Introduction#
What is OJAX#
OJAX is a small extension of JAX to facilitate modular coding.
You might have already noticed, due to its functional nature, JAX does not pair
well with the generic Python class
structure. People tend to instead write
closures/functionals which are functions that return JAX functions (e.g. the
Stax NN library from the JAX codebase), which is far from ideal for complex
projects.
OJAX lets you write JAX code using class
again, with full JAX compatibility,
max flexibility, and zero worry. Here is an example custom class using OJAX
that can be directly jax.jit
ted:
class AddWith(ojax.OTree):
value: float
def __call__(self, t: jax.Array) -> jax.Array:
return t + self.value
add42_jitted = jax.jit(AddWith(42.0))
print(add42_jitted(jax.numpy.ones(1))) # [43.]
OJAX is a simple library that needs less than 1 hour to learn, and will save you countless hours for your JAX projects!
Why OJAX#
"Library XXX already did something similar, why reinvent the wheel?"
The short answer is: because the wheel is rounder this time ;)

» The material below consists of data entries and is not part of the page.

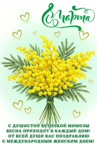 Открытка "8 МАРТА. С ДУШИСТОЙ ВЕТОЧКОЙ МИМОЗЫ ВЕСНА ПРИХОДИТ В КАЖДЫЙ ДОМ! ОТ ВСЕЙ ДУШИ ВАС ПОЗДРАВЛЯЮ С МЕЖДУ"
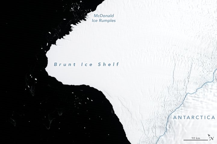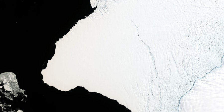 Тріщина вздовж верхньої частини зображення від 23 січня 2019 року - так звана Гелловінська тріщина - вперше з'явилася в кінці жовтня 2016 року і продовжує рости на схід. Більш серйозна проблема - тріщина в центрі зображення. Раніше ця тріщина залишалася стабільною близько 35 років, а нещодавно почала зростати на північ зі швидкістю 4 кілометри на рік.
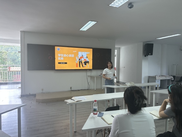 9月25日下午,学校在艺术楼多媒体教室举办班主任与辅导员专题培训,邀请李芸老师围绕学生谈心谈话主题分享经验方法,全体班主任及辅导员参加培训。
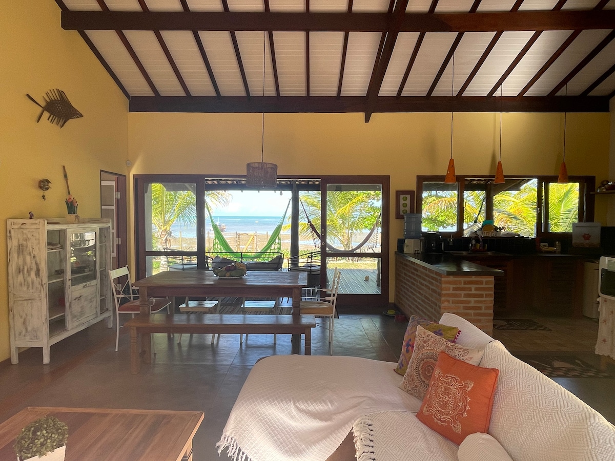 CASA A BEIRA MAR - PE NA AREIA, NO CENTRO DA VILA. TOTAL DE 04 SUITES E 05 BANHEIROS. TODAS AS SUITES COM AR CONDICIONADO. ACOMODA UM TOTAL DE ATE 16 PESSOAS. TAXA DE FAXINA 250,00 E LAVANDERIA 100,00 BANHEIRO EXTERNO, REDES, DUCHA EXTERNA QUADRA DE PETECA/ VOLEI AREA GOURMET C/ PIA, FOGAO INDUSTRIAL, GELADEIRA E CHURRAS
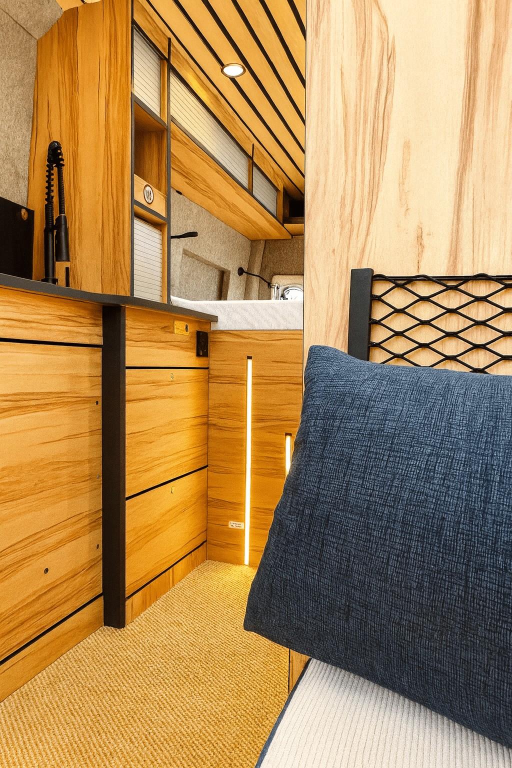 Pour ce VW Crafter, le client a opté pour un stratifié coloris miel ou « Cœur de pommier » et un décor bleu canard avec des nuances de gris.
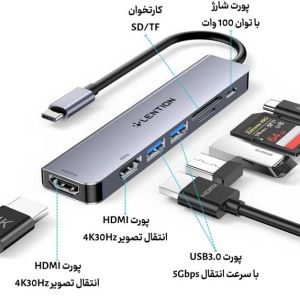 *خروجی تصویر 4K*: پورت HDMI این هاب امکان اتصال به مانیتورها یا تلویزیونهای 4K را فراهم میکند، که برای طراحان گرافیک و ویرایشگران ویدئو بسیار مفید است.
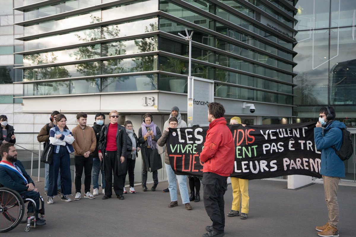 Le soir même de la diffusion du film, le 3 avril, l'association CLE Autistes organise un rassemblement devant les locaux de France Télévisions. "Les handis veulent vivre dignement. Pas être tués par leurs parents", pouvait-on voir sur une banderole. Dans le rassemblement se trouvait le député Sébastien Peytavie, membre de Génération.s et du groupe Les Écologistes à l'Assemblée. "J'ai pu voir une vraie colère autour de la diffusion de ce téléfilm qui est assez malvenue au lendemain de la journée mondiale de sensibilisation à l'autisme, s'indigne-t-il. Projeter un film relatant l'infanticide d'une personne autiste dans un contexte où la France est épinglée par l'ONU pour non respect des droits fondamentaux des personnes handicapées, ça pose question." Contacté par Arrêt sur images, le groupe France Télévisions n'a pas souhaité s'exprimer sur le sujet.
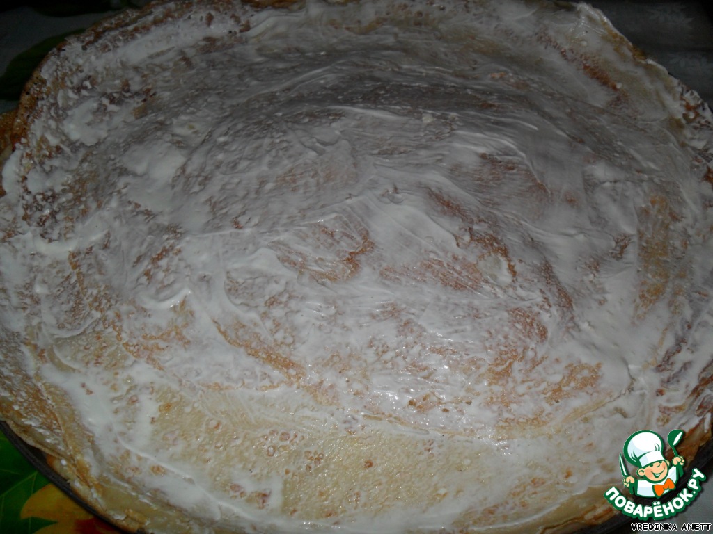 Выкладываем последний слой из блинчиков и промазываем оставшейся сметаной, ставим в разогретую до 180 градусов духовку на 25 минут.

Motivated by deep learning applications, there are many JAX libraries that already propose some kind of module system: Flax, Equinox, Haiku, Simple Pytree, Treeo / Treex, PAX, just to name a few.
However, none of them offers a perfect “JAX base class” that fulfills all of the desiderata below:
Simple to understand and use
Flexible custom classes for general JAX computation
Compatible with JAX and its functional paradigm
OJAX strives to define how a JAX base class should be. It provides a natural way to structure custom JAX code and discourages users from common pitfalls.
P.S.: the name “OJAX” is a chapeau-bas to OCaml, an awesome functional programming language.
How to code with OJAX#
OJAX is easy to install following the installation guide.
You can have a look at the quickstart section to get started, and there is also a simple example code using OJAX.
Of course, check out the OJAX API reference for exact definitions.